━━━━━ STORED DATA ━━━━━
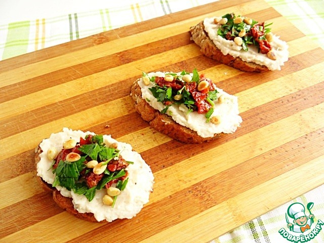 Брускетта - это классическая итальянская закуска, представляющая собой ломтик подсушенного или обжаренного хлеба, натёртого маслом и чесноком, а также начинки. Закуска имеет пикантный вкус и потрясающий аромат. Такое блюдо обычно подается до основного приёма пищи. Предлагаю приготовить брускетту с фасолевым пюре, вялеными томатами и петрушкой, посыпанными обжаренными кедровыми орешками. С помощью посуды Zepter Вы с легкостью сможете приготовить блюда, максимально сохраняя полезные вещества продуктов.
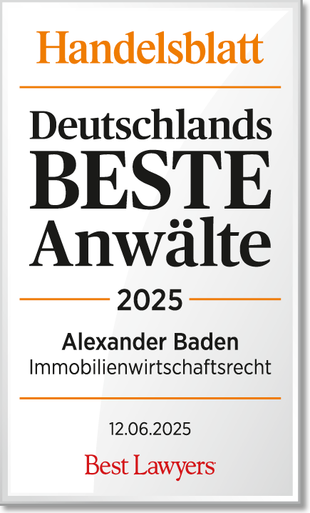 Im Rahmen des Rankings „Deutschlands beste Anwälte“, jährlich vom Handelsblatt und dem US-Verlag Best Lawyers erhoben, wird Alexander Baden seit Jahren wiederkehrend unter Deutschlands besten Wirtschaftsanwälten geführt.
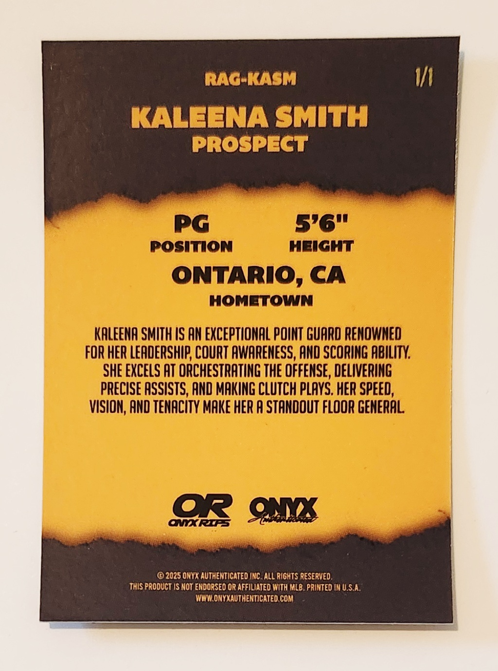 The next women’s basketball prodigy – Kaleena Smith! Introducing her first autographed trading card in the extremely rare kaleidoscope gold version. A true 1 of 1 numbered on the back and inscribed “Special Kay”. Signed in blue ink.
━━━━━
### TASK GOAL
Everything in the listing above must be restated word for word, except the images.

### ANSWER SECTION
 Брускетта - это классическая итальянская закуска, представляющая собой ломтик подсушенного или обжаренного хлеба, натёртого маслом и чесноком, а также начинки. Закуска имеет пикантный вкус и потрясающий аромат. Такое блюдо обычно подается до основного приёма пищи. Предлагаю приготовить брускетту с фасолевым пюре, вялеными томатами и петрушкой, посыпанными обжаренными кедровыми орешками. С помощью посуды Zepter Вы с легкостью сможете приготовить блюда, максимально сохраняя полезные вещества продуктов.
 Im Rahmen des Rankings „Deutschlands beste Anwälte“, jährlich vom Handelsblatt und dem US-Verlag Best Lawyers erhoben, wird Alexander Baden seit Jahren wiederkehrend unter Deutschlands besten Wirtschaftsanwälten geführt.
 The next women’s basketball prodigy – Kaleena Smith! Introducing her first autographed trading card in the extremely rare kaleidoscope gold version. A true 1 of 1 numbered on the back and inscribed “Special Kay”. Signed in blue ink.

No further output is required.